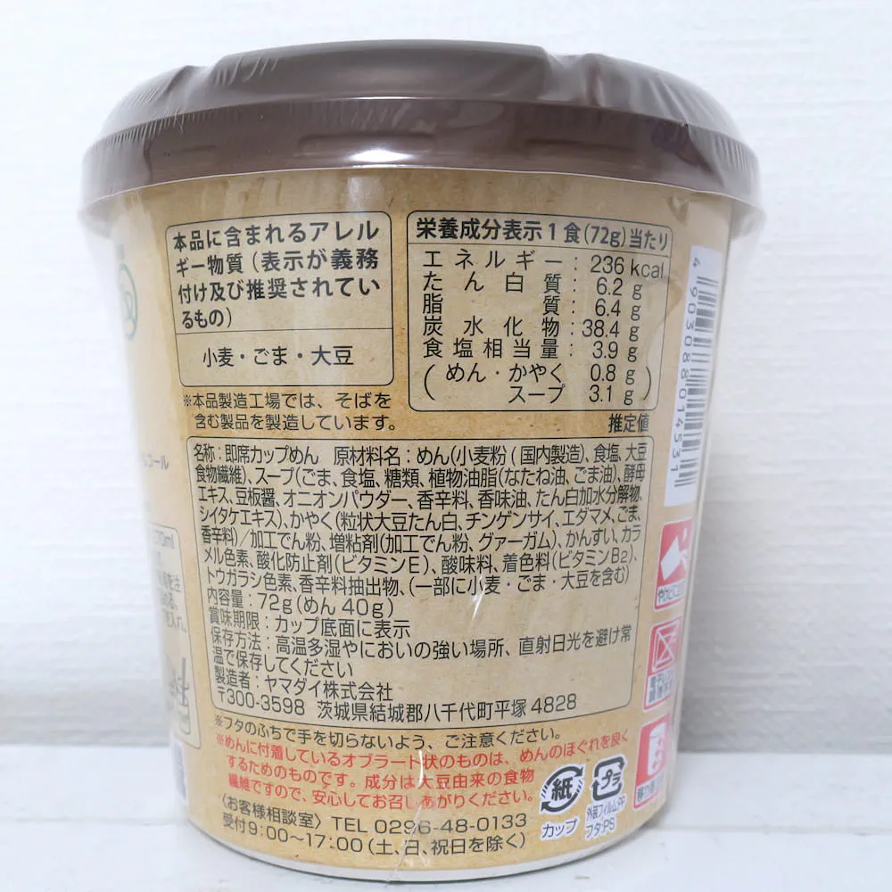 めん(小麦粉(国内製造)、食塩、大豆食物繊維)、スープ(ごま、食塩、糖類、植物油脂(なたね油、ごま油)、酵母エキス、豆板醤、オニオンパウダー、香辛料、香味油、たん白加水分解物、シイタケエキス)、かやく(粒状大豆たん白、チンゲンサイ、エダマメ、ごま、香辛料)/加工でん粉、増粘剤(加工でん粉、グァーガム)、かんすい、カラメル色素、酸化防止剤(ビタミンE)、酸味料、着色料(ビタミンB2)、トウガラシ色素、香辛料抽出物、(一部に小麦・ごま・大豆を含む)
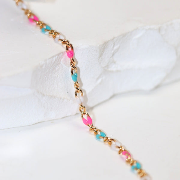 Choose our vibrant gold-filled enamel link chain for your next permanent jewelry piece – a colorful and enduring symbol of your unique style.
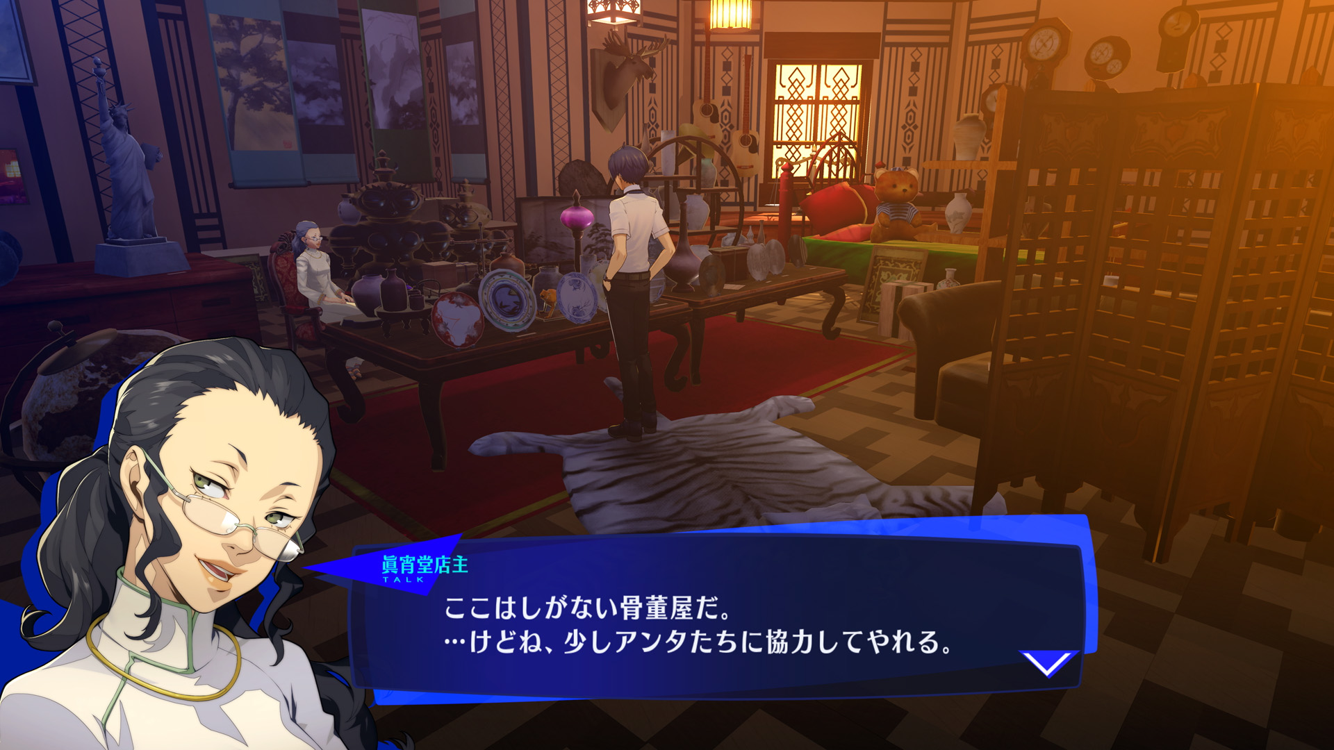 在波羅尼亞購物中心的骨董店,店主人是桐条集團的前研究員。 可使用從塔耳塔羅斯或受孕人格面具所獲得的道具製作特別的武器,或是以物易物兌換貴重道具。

* * * * * * *

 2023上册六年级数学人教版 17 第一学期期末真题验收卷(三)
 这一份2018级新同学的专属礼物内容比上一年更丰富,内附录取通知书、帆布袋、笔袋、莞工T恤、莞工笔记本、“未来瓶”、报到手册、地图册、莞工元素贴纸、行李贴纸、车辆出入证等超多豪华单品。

* * * * * * *

- [Task objective] The lines above starting at the one that contains "2023上册六年级数学人教版 17 第一学期期末真题验收卷(三)" and ending at the one that contains "这一份2018级新同学的专属" must be transcribed exactly, and no other lines may appear.

- [Solution for this problem]
 2023上册六年级数学人教版 17 第一学期期末真题验收卷(三)
 这一份2018级新同学的专属礼物内容比上一年更丰富,内附录取通知书、帆布袋、笔袋、莞工T恤、莞工笔记本、“未来瓶”、报到手册、地图册、莞工元素贴纸、行李贴纸、车辆出入证等超多豪华单品。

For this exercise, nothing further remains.